Belfast Telegraph

Belfast gran (85) died in blaze after dozing off while smoking, inquest told

The court heard from members of the emergency services who attended the fire and those who treated Nan in hospital (stock photo)
The court heard from members of the emergency services who attended the fire and those who treated Nan in hospital (stock photo)

By Christopher Leebody

An 85-year-old grandmother died in a fire caused when she fell asleep and dropped a cigarette, an inquest heard yesterday.

Annie Robinson, referred to as Nan at her family's request, had dementia but lived alone at her Donegall Avenue home in Belfast.

She was described as "fiercely independent".

The interior of the property was severely damaged in the fire, reported on the evening of May 30, 2018. The blaze was attended by four fire appliances.

Fire crews found Nan unconscious by her ground-floor bedroom door, where she had been overcome by smoke.

The court heard from members of the emergency services who attended the fire and those who treated Nan in hospital.

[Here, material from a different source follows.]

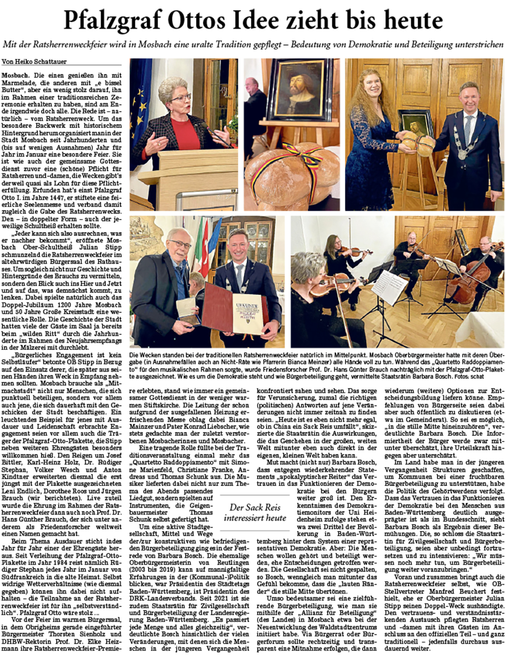 Heiko Schattauer: „Pfalzgraf Ottos Idee zieht bis heute: Mit der Ratsherrenweckfeier wird in Mosbach eine uralte Tradition gepflegt – Bedeutung von Demokratie und Beteiligung unterstrichen“, in: Rhein-Neckar-Zeitung, Montag, 19. Januar 2026, S. 3.
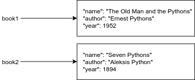 print(book["name"])In both cases we are creating a new object. In programming, the term has the specific meaning of an independent whole, in this case containing some bits of data which are somehow related. Being independent means that any changes made to one object will not affect other objects.

They included Watch Commander Les McAteer of the NI Fire and Rescue Service and Dr Joseph McKeever, who was on duty at the Royal Victoria Hospital in Belfast that evening.

In a statement, Dr McKeever said Nan arrived at the emergency department at 18.11 in cardiac arrest and with "extensive burns to the face and limbs" and "soot" in her nose. The decision to stop treatment and declare a time of death was taken at 18.26.

Watch Commander Les McAteer referred to the investigation carried out by the Fire Service on June 14, 2018.

It noted the lack of any working smoke alarms in the home.

The report pointed to "several discarded cigarette butts lying around the bedroom" and highlighted burns on the carpet showing previous times when cigarettes had been dropped.

Coroner Mr Patrick McGurgan asked if there was a "need to renew our campaign", in regards to ensuring that all properties have working smoke alarms.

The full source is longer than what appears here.